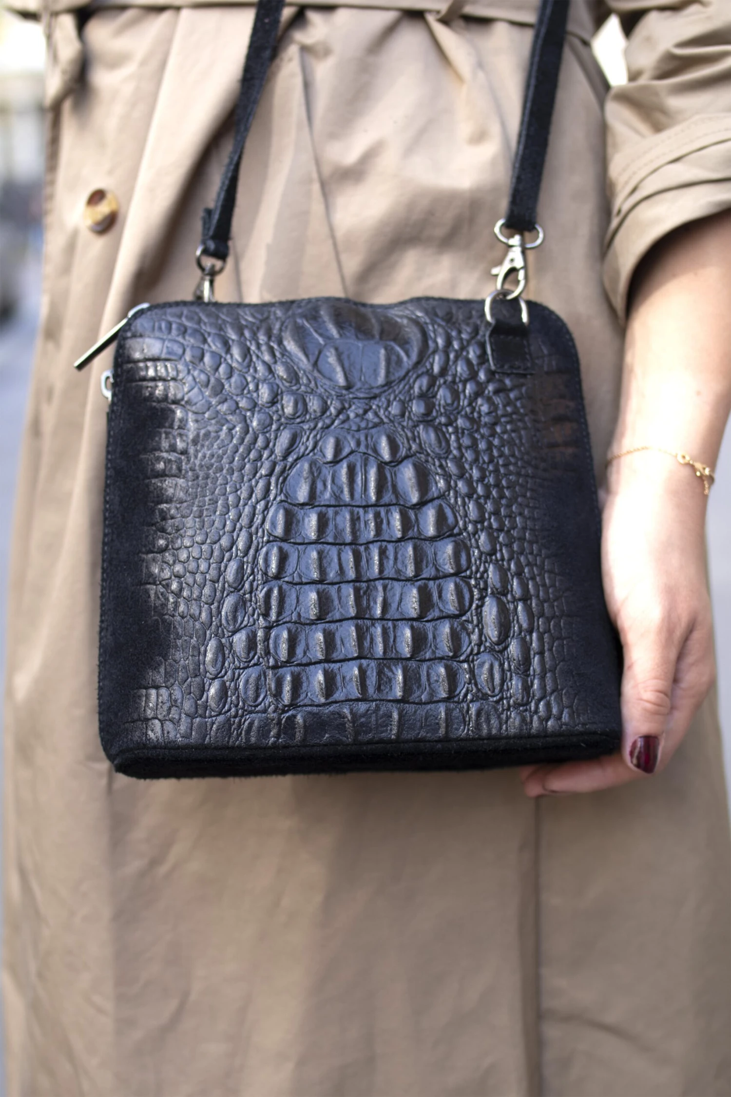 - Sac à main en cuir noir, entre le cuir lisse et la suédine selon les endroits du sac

______________________________

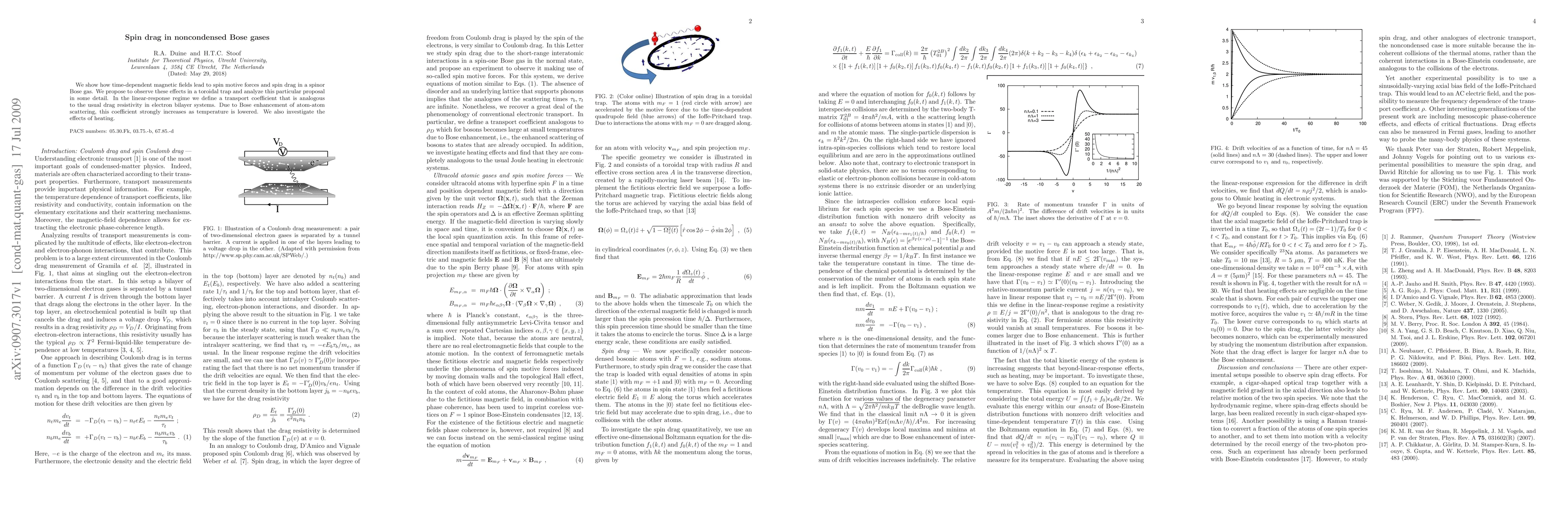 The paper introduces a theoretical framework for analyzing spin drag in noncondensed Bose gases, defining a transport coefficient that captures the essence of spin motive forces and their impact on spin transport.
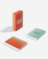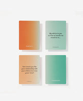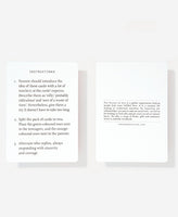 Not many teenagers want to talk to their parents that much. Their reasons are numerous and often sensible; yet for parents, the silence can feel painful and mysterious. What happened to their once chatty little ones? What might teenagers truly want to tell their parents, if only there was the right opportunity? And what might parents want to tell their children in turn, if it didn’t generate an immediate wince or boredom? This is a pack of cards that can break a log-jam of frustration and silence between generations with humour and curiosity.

______________________________

WHAT YOU ARE ASKED TO DO :: Out of the records above, please copy exactly the lines from the line with "The paper introduces" up to and including the line with "Not many teenagers", minus the pictures.

RESPONSE ::
 The paper introduces a theoretical framework for analyzing spin drag in noncondensed Bose gases, defining a transport coefficient that captures the essence of spin motive forces and their impact on spin transport.
 Not many teenagers want to talk to their parents that much. Their reasons are numerous and often sensible; yet for parents, the silence can feel painful and mysterious. What happened to their once chatty little ones? What might teenagers truly want to tell their parents, if only there was the right opportunity? And what might parents want to tell their children in turn, if it didn’t generate an immediate wince or boredom? This is a pack of cards that can break a log-jam of frustration and silence between generations with humour and curiosity.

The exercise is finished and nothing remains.